• _BRIEF_: Only the lines from the line with "232 577 am 17." through the end of the records belong in your reply, copied exactly, with every picture left out.
#### EXTRACTED MATERIAL ####
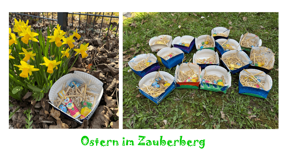 Wir haben einen Garten mit Obstbäumen und einem Pflanzbereich mit vielen Möglichkeiten zum Entdecken, Bewegen, Beobachten und Spielen (Brunnen, Gartenhäuschen, Sand- und Wasserspielbereich, Spielgeräte). Der Garten wird von allen Gruppen genutzt. Zusätzlich gibt es für den Hort einen eigenen kleinen Außenbereich sowie die Möglichkeit im angrenzenden Baumpark zu spielen.
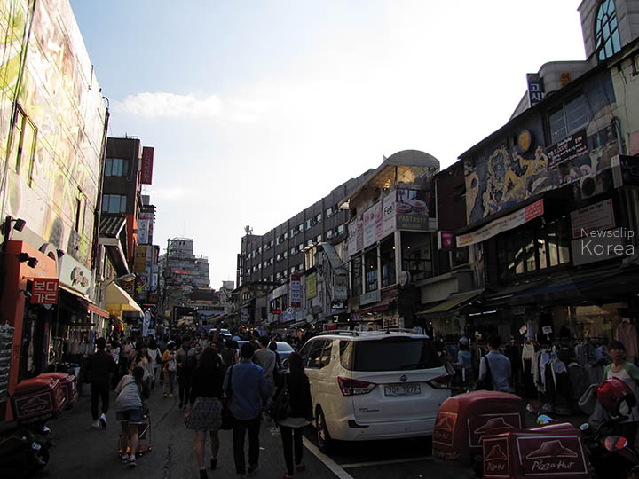 ソウル旧市街最大の繁華街・弘大。オウルマダン(어울마당)は祭りや余興またはそれを行う場所の意味。90年代の固有語見直しの動きにともない、大学生らの間で使われるようになった言葉だという。ただし通りに沿って駐車スペースが並んでいることから一般に駐車場通りとも呼ばれる。
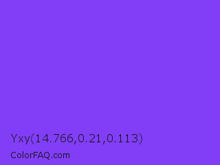Yxy 14.766,0.21,0.113 Color is a normal violet color and the nearest color is Blue Violet #8a2be2. Hex code #813ef6 and RGB value is rgb(129,62,246). In RGB color space, this color is composed of 51% red, 24% green, 96% blue, In CMYK color space, this color is composed of 48% cyan, 75% magenta, 0% yellow , 4% black , In HSL color space, this color has a hue angle of 262° , 91% saturation and 60% lightness.
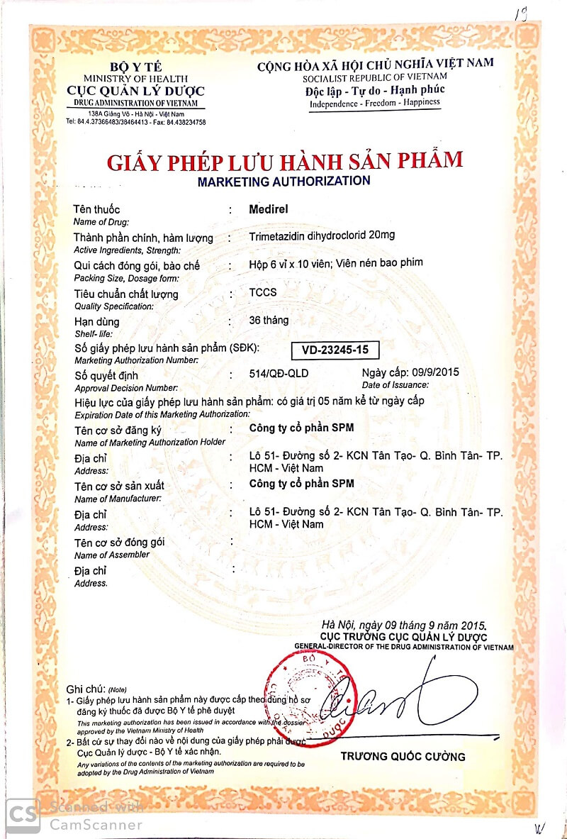 Medirel Bổ sung/hỗ trợ vào biện pháp trị liệu hiện có thể điều trị triệu chứng đau thắt ngực ổn định không được kiểm soát đầy đủ hoặc bệnh nhân không dung nạp với các liệu pháp điều trị đau thắt ngực khác... được Cơ quan quản lý nhà nước cấp giấy xác nhận công bố lưu hành trên toàn quốc, Số:VD-23245-15
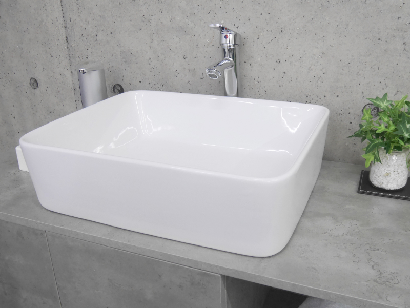 陶器製でシンプルな洗面ボウル。
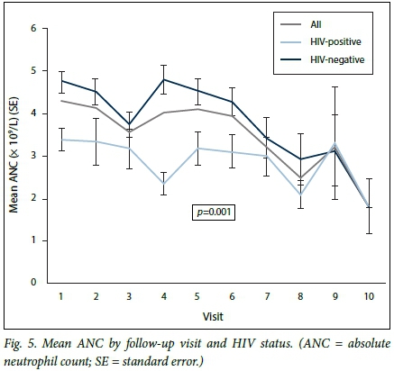 RESULTS. HIV-infected patients formed 32.3% of the group, and 95.2% of them were on antiretroviral therapy. The mean age (standard deviation (SD)) of the cohort was 48.5 (13.2) years (40.6 (9.6) years for the HIV-infected group v. 52.0 (13.1) years for the uninfected group; p<0.001). Ninety-five neutropenia episodes were observed (rate 0.85 per 1 year of follow-up time). Following multivariate adjustment, patients with HIV infection were almost two times more likely to develop CIN (hazard ratio (HR) 1.76, 95% confidence interval (CI) 1.06 -2.92; p=0.029. A high baseline absolute neutrophil count (ANC) (HR 0.80, 95% CI 0.68 - 0.95; p=0.005) remained significantly associated with protection against CIN.
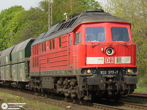 232 577 am 17. April 2004 bei der Ausfahrt Lintorf Richtung Angertal mit ihrem ausbelgischen und niederländischen Wagen bestehenden Zug
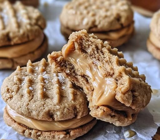 These soft peanut butter sandwich cookies have a tender oat texture and a creamy peanut butter yogurt filling that slowly melts in the center just like in the image. The cookies are lightly sweet, rich in peanut butter flavor, and incredibly satisfying without needing to bake.
####
• _SOLUTION TO THIS TASK_:
 232 577 am 17. April 2004 bei der Ausfahrt Lintorf Richtung Angertal mit ihrem ausbelgischen und niederländischen Wagen bestehenden Zug
 These soft peanut butter sandwich cookies have a tender oat texture and a creamy peanut butter yogurt filling that slowly melts in the center just like in the image. The cookies are lightly sweet, rich in peanut butter flavor, and incredibly satisfying without needing to bake.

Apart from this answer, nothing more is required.